§ **EXTRACTED INFORMATION**
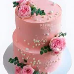 Пудровый свадебный торт с розовыми розами и жемчугом
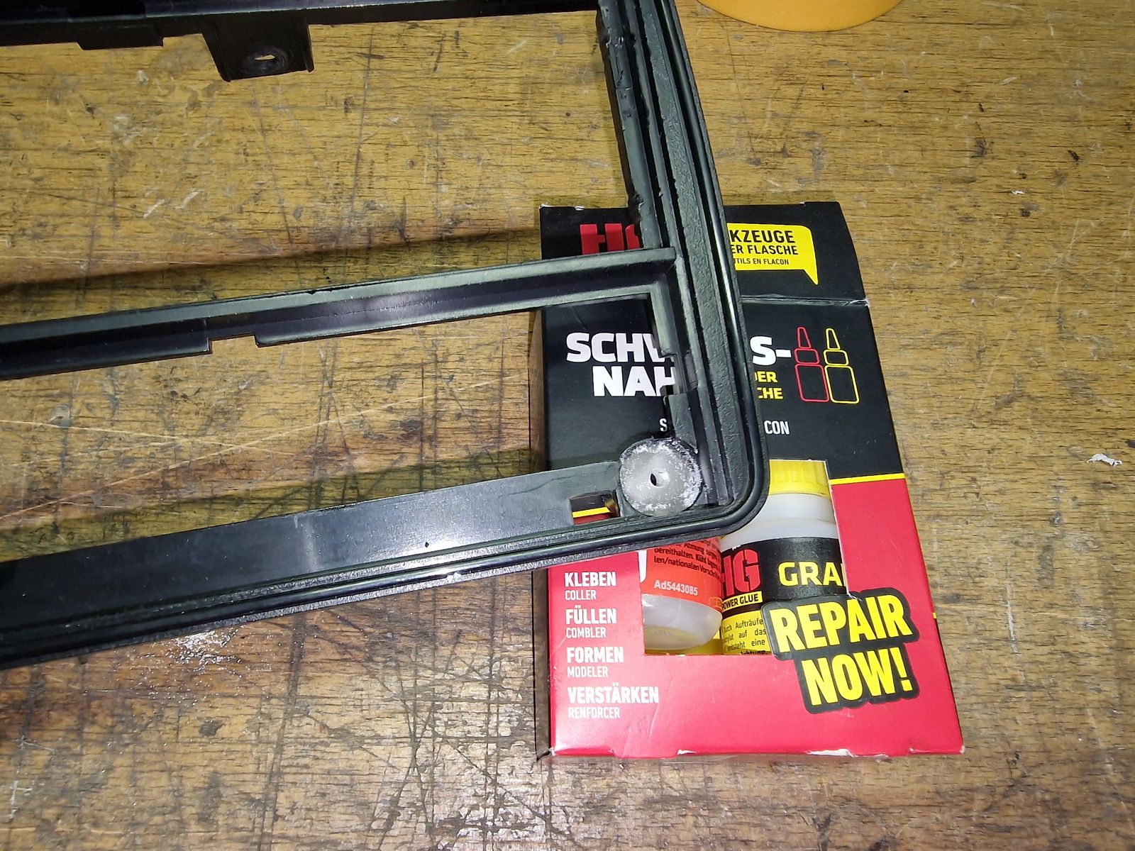 Der Rahmen hat es auch mehr oder weniger hinter sich. Provisorisch mit einer unterlagscheibe geholfen.
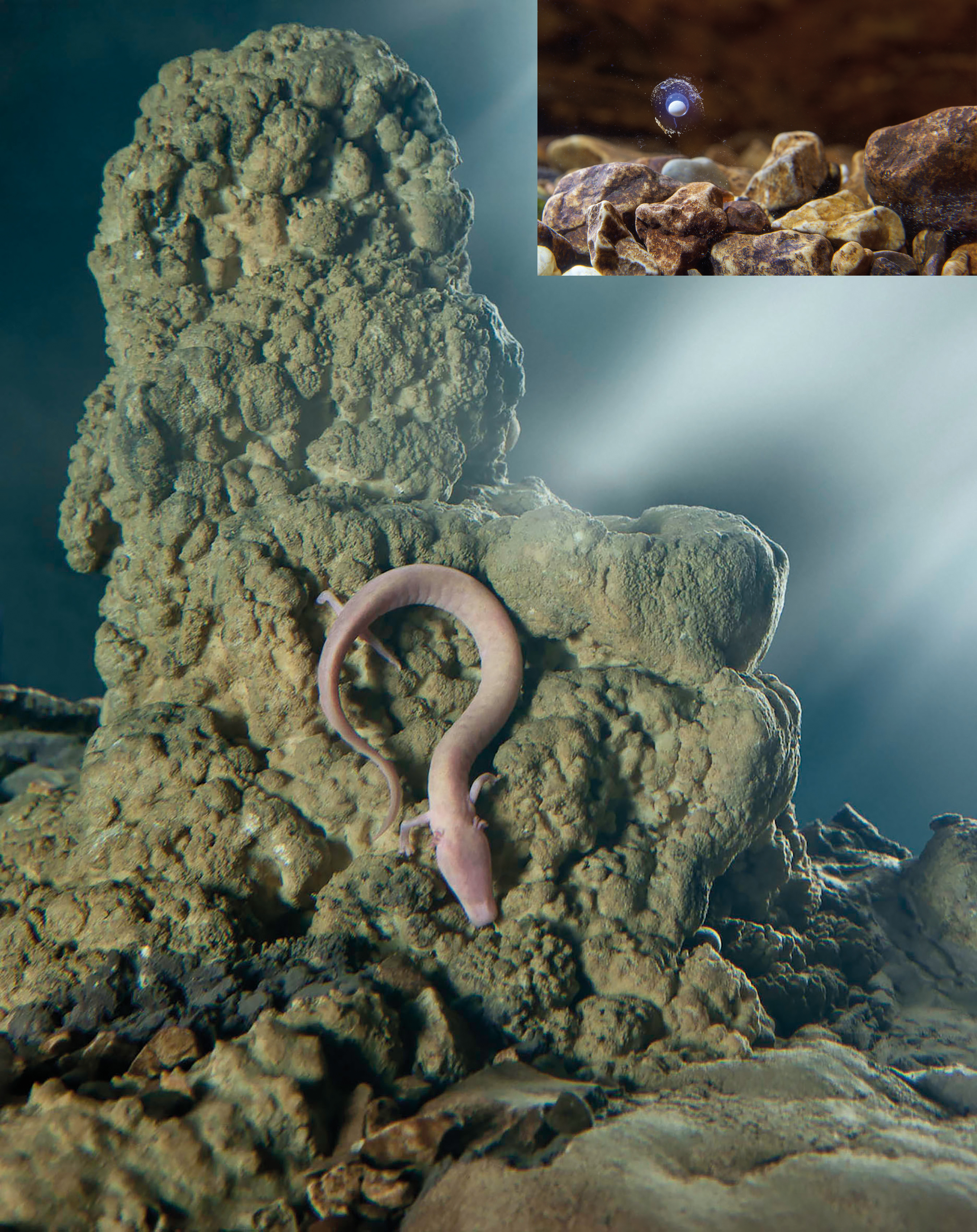 Cave biologists have announced that one of the world’s most mysterious cave-dwelling creatures has laid an egg, completing a cycle that takes 6 years. The Olm or Proteus (proteus anguinus) is an aquatic salamander and is Europe’s only cave adapted vertebrate, with individual females reproducing only once every six to seven years. It hunts prey in absolute darkness and, most unusually of all, the creature can survive without food for up to ten years and can live up to 100 years. Postojna Cave in Slovenia has been working to preserve the species.
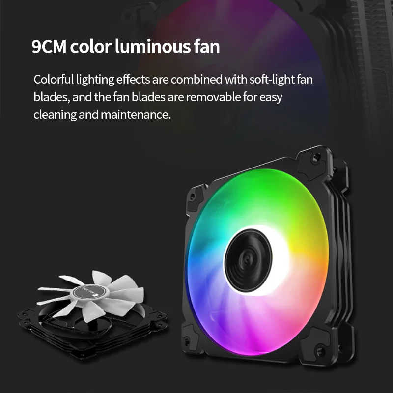 The two-heat pipe single-tower radiator achieves a good balance between performance and price. It is equipped with a long-life fan and easy-to-clean removable fan blade design, which is not only powerful but also longer-lasting. The combination of the colored light-emitting cover on the top and the colored fan enhances the overall coordination and aesthetics.
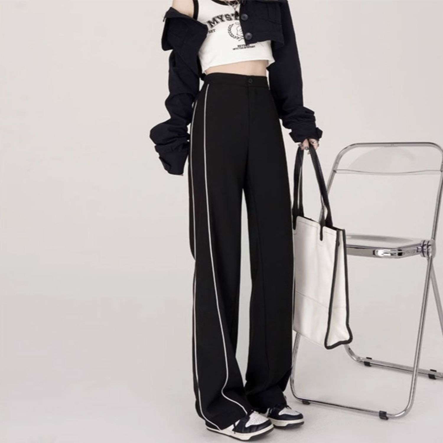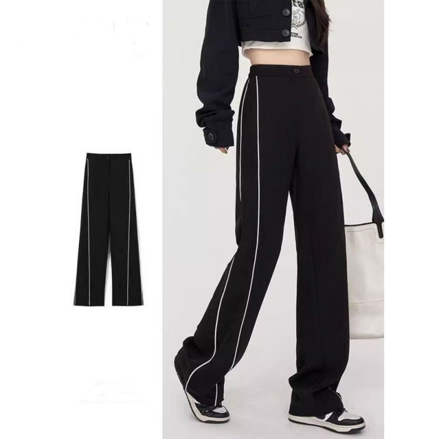 Women's Fashion Loose High Waist Straight Casual Sports Pants Black S
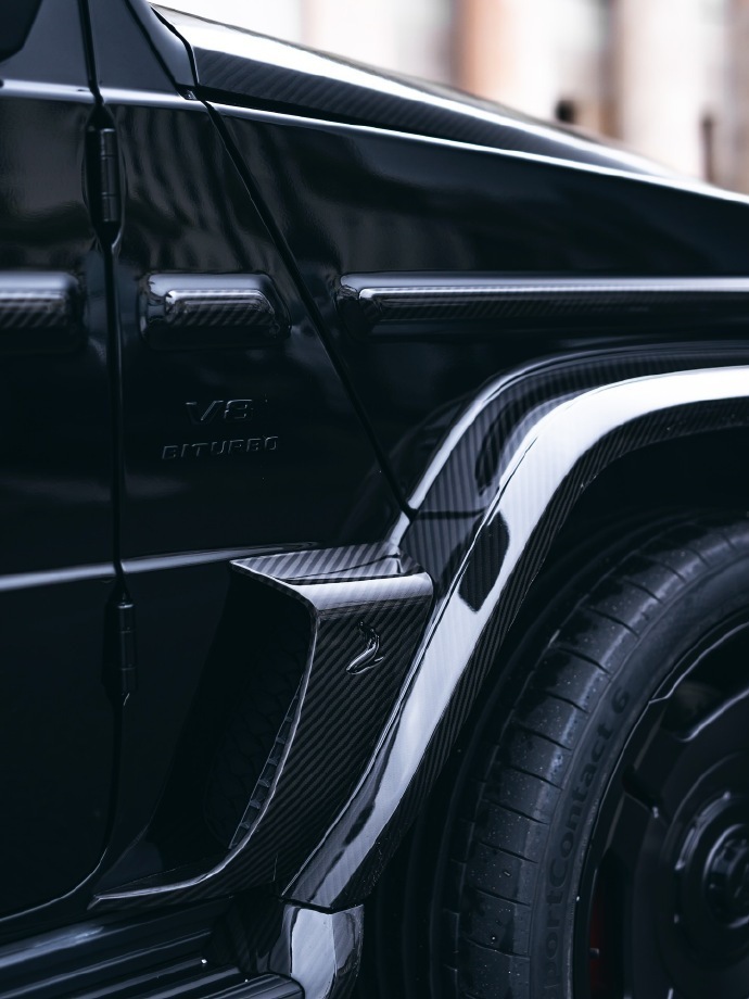 碳纤狂魔!G-Klasa Inferno套件太炸裂 50+碳纤维组件全覆盖:宽体轮眉、引擎盖、侧裙到全新后包围,连车顶都是碳纤材质。侵略性线条+极致精细做工,整车宛如移动的碳纤雕塑,气场直接拉满!这波硬核改装,谁看了不迷糊?
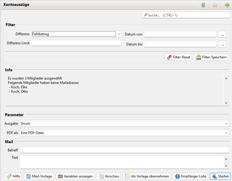 Differenz: Bei "Fehlbetrag" werden nur Kontoauszüge für Mitglieder erstellt wenn ein Fehlbetrag vorliegt und bei "Überzahlung" nur wenn überzahlt wurde. Bei "Egal" wird nicht auf den Betrag geprüft.
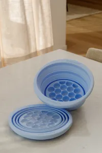 De CryoSplash gezichtsbowl is een innovatieve alles-in-één oplossing die een silicone ijsblokjesvorm combineert met een stijlvolle, opvouwbare bowl.
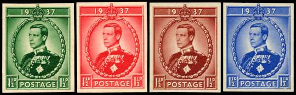 1936 KEVIII Coronation Essays Type H set of four in green, red, brown and blue on gummed E8R (sideways) wmkd paper, depicting the King in his uniform of the Welsh Guards, brilliant o.g. with 1½d in green and red mounted on thin card, very fine and rare, one of only six sets released. SG 459var £7000
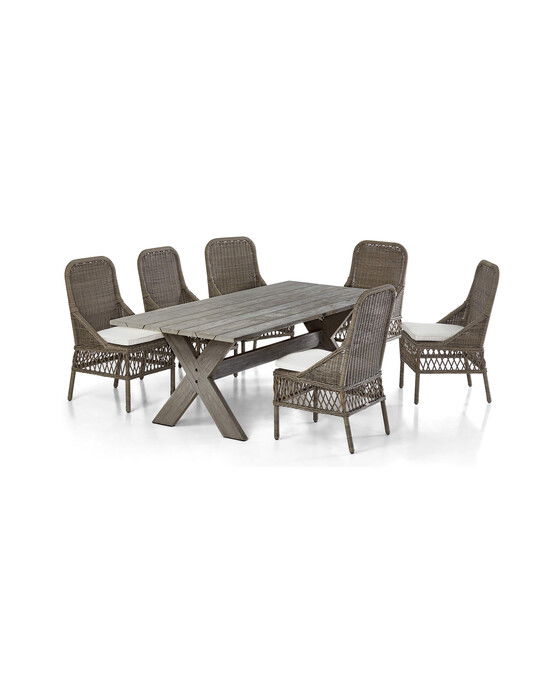 Den stilfulla och klassiska utemöbelgruppen från Artwood består av sex Brussel matstolar och ett Cross matbord. Matstolarna är tillverkade i väderbeständig konstrotting med aluminiumstomme för minimalt underhåll. Ljusa sittdynor med avtagbar polyesterklädsel medföljer. Cross matbordet är tillverkat i gråbehandlat teak med en vacker patina, perfekt för altanen eller uteplatsen.
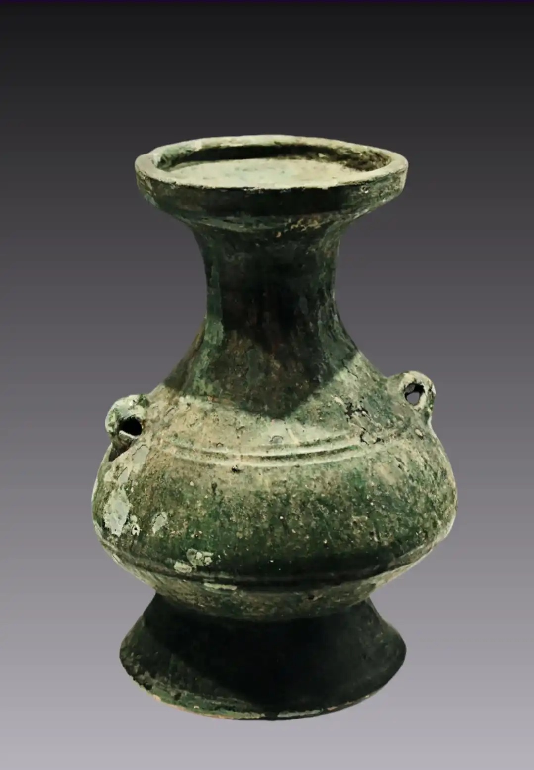 此壶为东汉时期的陶器。壶直口,束颈,溜肩,肩部装饰有镂孔双系,鼓腹,喇叭足。其造型仿自青铜器,器形端庄稳重。通体施以氧化铅为主要助熔剂的低温釉。因釉料中含有少量的氧化铜,故器物釉面为绿色。在我国,低温铅釉在汉代已相当普遍。它的特点是釉面光泽强,表面平整光滑,釉层清澈透明,犹如玻璃一样,但硬度比较低,容易出现划痕,化学稳定性较差。传统的低温色釉的主要品种有绿、黄、蓝、红、紫等多种。铅在潮湿的环境中受到水和大气的侵蚀,在一定条件下,受侵蚀的部分渐从绿色的釉面析出,经长期积淀形成的物质使器表呈现出银白色的光泽,故称铅绿釉,又称银釉。
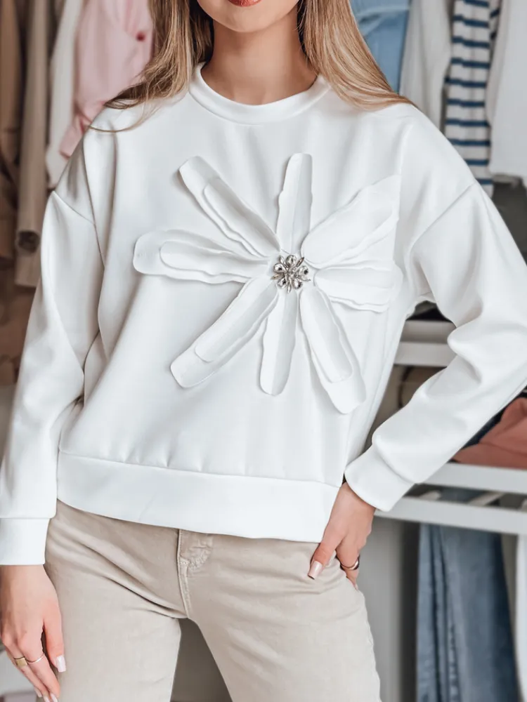 Bluza damska w kroju oversize, wyróżniająca się przestrzenną aplikacją w kształcie kwiatu z połyskującymi cyrkoniami. Uniwersalny rozmiar pasuje od XS do L. Minimalistyczny design łączy się z efektownymi detalami, tworząc nietuzinkowy element garderoby. Świetna do jeansów i spodni materiałowych.
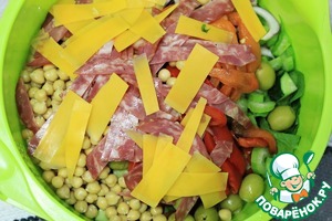 Выложить нарезанный салат, нут и нарезанные овощи в большую миску.
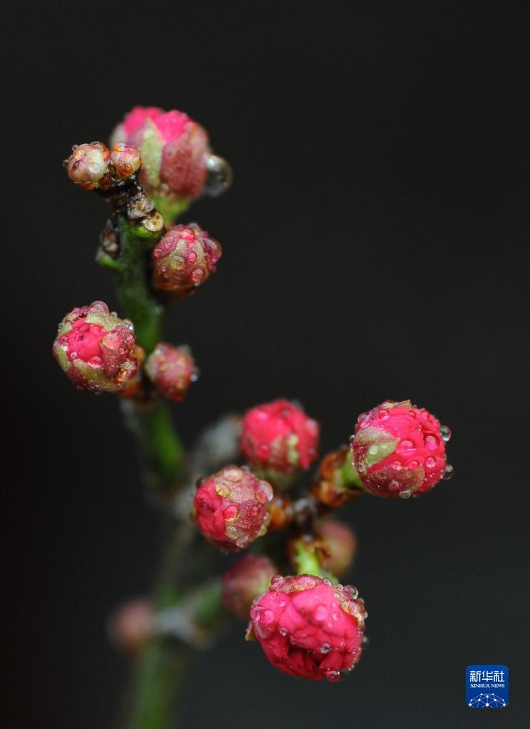 1月2日在山东省滕州市董村花卉市场拍摄的梅花花苞。
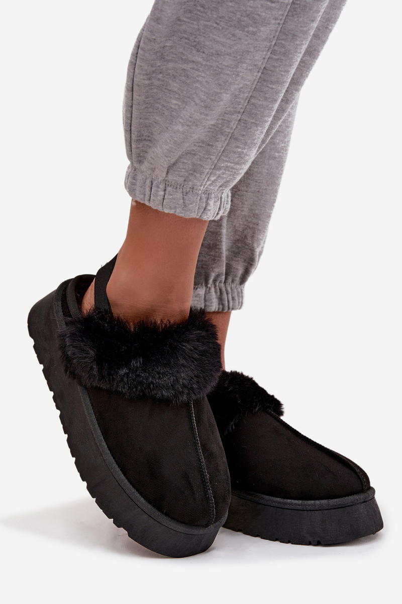 Hausschuhe Feminin mit einer Plattform mit Pelzmantel schZuarze Farbe Linaris

§ **TASK PROMPT**
Print the material again word for word. Please drop every picture.

§ **ANSWER SECTION**
 Пудровый свадебный торт с розовыми розами и жемчугом
 Der Rahmen hat es auch mehr oder weniger hinter sich. Provisorisch mit einer unterlagscheibe geholfen.
 Cave biologists have announced that one of the world’s most mysterious cave-dwelling creatures has laid an egg, completing a cycle that takes 6 years. The Olm or Proteus (proteus anguinus) is an aquatic salamander and is Europe’s only cave adapted vertebrate, with individual females reproducing only once every six to seven years. It hunts prey in absolute darkness and, most unusually of all, the creature can survive without food for up to ten years and can live up to 100 years. Postojna Cave in Slovenia has been working to preserve the species.
 The two-heat pipe single-tower radiator achieves a good balance between performance and price. It is equipped with a long-life fan and easy-to-clean removable fan blade design, which is not only powerful but also longer-lasting. The combination of the colored light-emitting cover on the top and the colored fan enhances the overall coordination and aesthetics.
 Women's Fashion Loose High Waist Straight Casual Sports Pants Black S
 碳纤狂魔!G-Klasa Inferno套件太炸裂 50+碳纤维组件全覆盖:宽体轮眉、引擎盖、侧裙到全新后包围,连车顶都是碳纤材质。侵略性线条+极致精细做工,整车宛如移动的碳纤雕塑,气场直接拉满!这波硬核改装,谁看了不迷糊?
 Differenz: Bei "Fehlbetrag" werden nur Kontoauszüge für Mitglieder erstellt wenn ein Fehlbetrag vorliegt und bei "Überzahlung" nur wenn überzahlt wurde. Bei "Egal" wird nicht auf den Betrag geprüft.
 De CryoSplash gezichtsbowl is een innovatieve alles-in-één oplossing die een silicone ijsblokjesvorm combineert met een stijlvolle, opvouwbare bowl.
 1936 KEVIII Coronation Essays Type H set of four in green, red, brown and blue on gummed E8R (sideways) wmkd paper, depicting the King in his uniform of the Welsh Guards, brilliant o.g. with 1½d in green and red mounted on thin card, very fine and rare, one of only six sets released. SG 459var £7000
 Den stilfulla och klassiska utemöbelgruppen från Artwood består av sex Brussel matstolar och ett Cross matbord. Matstolarna är tillverkade i väderbeständig konstrotting med aluminiumstomme för minimalt underhåll. Ljusa sittdynor med avtagbar polyesterklädsel medföljer. Cross matbordet är tillverkat i gråbehandlat teak med en vacker patina, perfekt för altanen eller uteplatsen.
 此壶为东汉时期的陶器。壶直口,束颈,溜肩,肩部装饰有镂孔双系,鼓腹,喇叭足。其造型仿自青铜器,器形端庄稳重。通体施以氧化铅为主要助熔剂的低温釉。因釉料中含有少量的氧化铜,故器物釉面为绿色。在我国,低温铅釉在汉代已相当普遍。它的特点是釉面光泽强,表面平整光滑,釉层清澈透明,犹如玻璃一样,但硬度比较低,容易出现划痕,化学稳定性较差。传统的低温色釉的主要品种有绿、黄、蓝、红、紫等多种。铅在潮湿的环境中受到水和大气的侵蚀,在一定条件下,受侵蚀的部分渐从绿色的釉面析出,经长期积淀形成的物质使器表呈现出银白色的光泽,故称铅绿釉,又称银釉。
 Bluza damska w kroju oversize, wyróżniająca się przestrzenną aplikacją w kształcie kwiatu z połyskującymi cyrkoniami. Uniwersalny rozmiar pasuje od XS do L. Minimalistyczny design łączy się z efektownymi detalami, tworząc nietuzinkowy element garderoby. Świetna do jeansów i spodni materiałowych.
 Выложить нарезанный салат, нут и нарезанные овощи в большую миску.
 1月2日在山东省滕州市董村花卉市场拍摄的梅花花苞。
 Hausschuhe Feminin mit einer Plattform mit Pelzmantel schZuarze Farbe Linaris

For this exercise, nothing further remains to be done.